To find out how the circadian clock controls the rhythmic activity of nucleotide excision repair, we determined the levels of the core clock proteins (Fig. 3A), core excision repair proteins (Fig. 3B), and some of the key checkpoint and cell cycle proteins (Fig. 3C) that may indirectly affect repair activity at two circadian times. As expected, Clock does not exhibit circadian oscillation (9), Bmal1 is high at ZT06 and low at ZT18. Cry1 and Per2 are antiphase with Bmal1, again in agreement with previous reports and the known properties of these proteins (10). When the six core excision repair factors were analyzed, only xeroderma pigmentosum A (XPA), one of the three DNA damage recognition proteins, exhibited a circadian time-dependent change in expression with a markedly higher level at ZT06 compared with ZT18 (Fig. 3B). None of the DNA damage checkpoint proteins tested exhibited circadian variability between these two phases (Fig. 3C). Next, we analyzed the levels of Per2, Cry1, Bmal1, and XPA over the course of a circadian period at 4-h intervals: XPA levels are in phase with Bmal1 and antiphase with Cry1 and Per2 levels (Fig. 3D), consistent with Fig. 3A and with the notion that Xpa is a clock-controlled gene positively regulated by Clock·Bmal1 and negatively regulated by Cry and Per as also evidenced by the ≈3-fold elevated level of XPA protein in Cry1−/−Cry2−/− mouse fibroblasts relative to wild-type control (data not shown).

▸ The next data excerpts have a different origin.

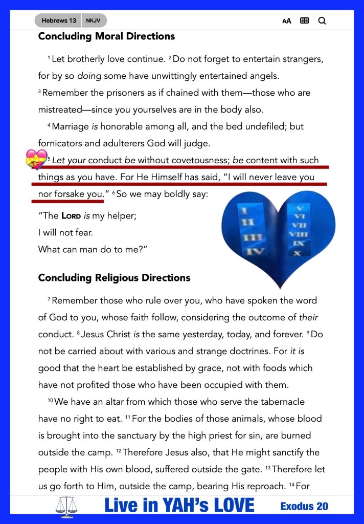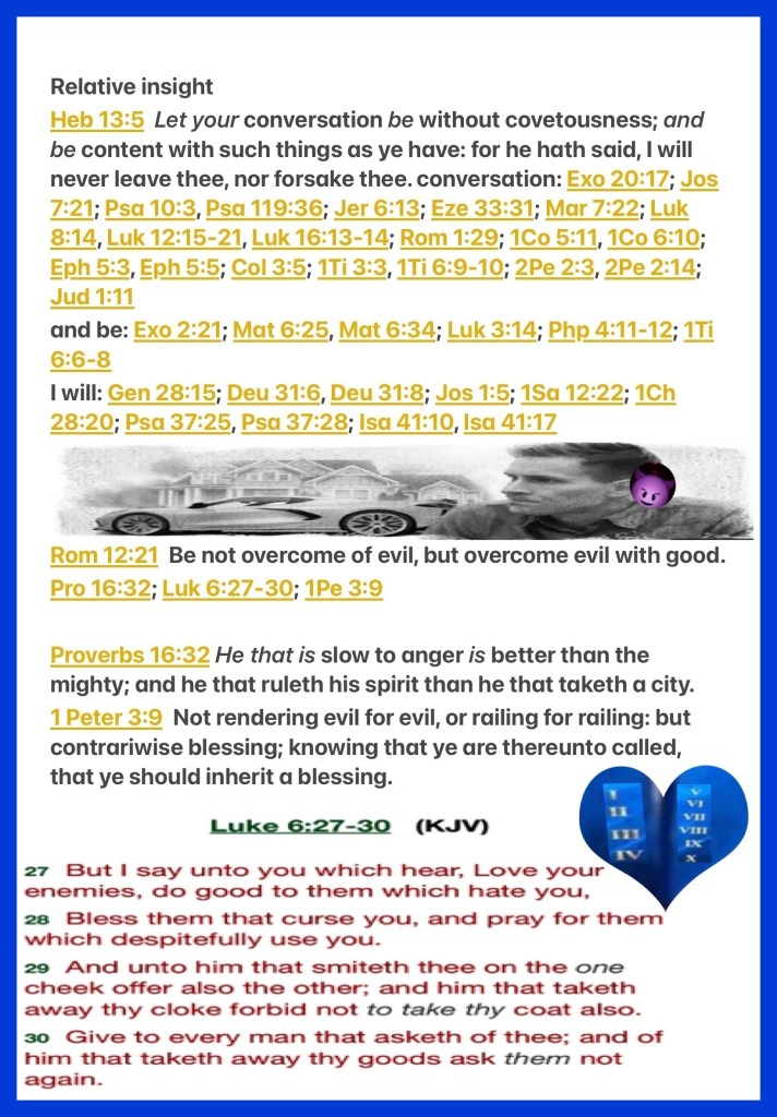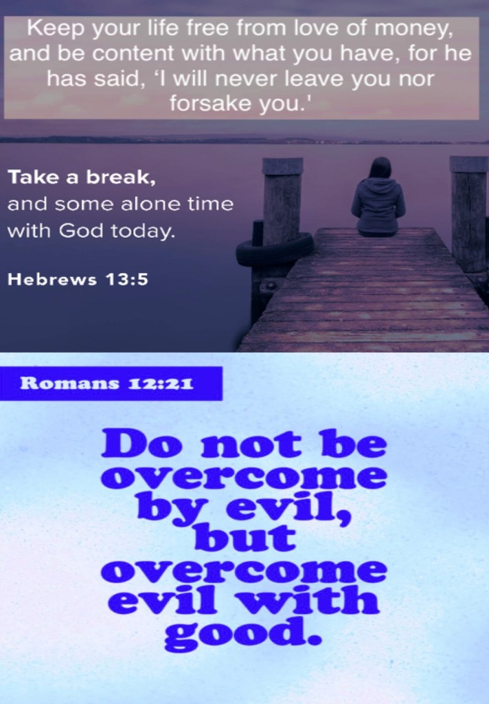 “Let your conduct be without covetousness; be content with such things as you have. For He Himself has said, “I will never leave you nor forsake you.”” Hebrews 13:5 “Do not be overcome by evil, but overcome evil with good.” Romans 12:21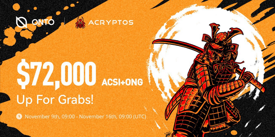 - ONTO hosted a campaign with ACryptoS (BSC). The first 75 participants and top 20 participants who stake the most will receive the highest tier of rewards. The first 100 new ONTO users participating in the event will receive additional rewards. The activity is in progress and will end at 17:00 (Singapore time) on November 16th.
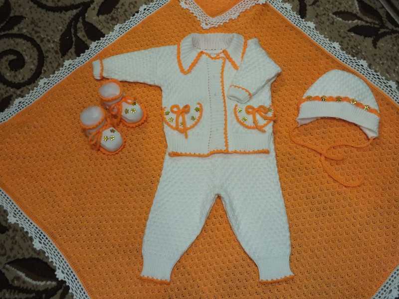 Связала к комплекту на выписку костюмчик шапочку и пинетки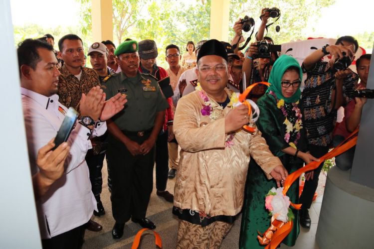 Bupati Ismunandar didampingi istrinya Hj Encek UR Firgasih ketika meresmikan Ruma Pintar Pemilu di kantor KPUD Kutim. ©2017 Merdeka.com

Quantitative analysis of the data in Fig. 3D reveals a robust circadian oscillation for XPA with ≈10-fold difference between the zenith and nadir values (Fig. 3E). In support of our finding, a comprehensive analysis of clock-controlled genes by microarray profiling has revealed that Xpa expression in the mouse liver exhibits a high-amplitude circadian pattern (11) and moreover our immunoblot analysis revealed that oscillation of XPA in the liver is in phase with that in the brain (data not shown).
Fig. 3.
Effect of the circadian clock on day and night expression patterns of clock, excision repair, and checkpoint proteins. (A–C) Extracts from brains harvested at ZT18 (night) and ZT06 (day) were analyzed by immunoblotting. (A) Clock proteins. Clock shows no oscillation, whereas Cry1 and Per2 oscillate antiphase with Bmal1. (B) Nucleotide excision repair proteins. XPA is highly expressed during the day and down-regulated at night. The other excision repair proteins do not exhibit a measurable variation between ZT18 and ZT06. (C) Checkpoint proteins. None of the checkpoint/cell cycle proteins tested exhibits a measurable difference between day (ZT06) and night (ZT18) values. (D) Circadian oscillation of XPA. Brains were harvested from mice under either LD or DD conditions, and the levels of XPA over a circadian period were analyzed by immunoblotting along with the four core clock proteins as a reference. Note the zenith values for XPA at afternoon/evening hours under both ZT and CT conditions are in phase with Bmal1 and antiphase with Cry1 and Per2 as expected for a Clock·Bmal1-controlled protein. Clock that does not oscillate is used as a loading control for a nonoscillating protein. (E) Quantitative analysis of XPA oscillation. Each data point represents XPA value from the cerebrum of one mouse, and the values are expressed relative to that of XPA at CT14, which was the highest.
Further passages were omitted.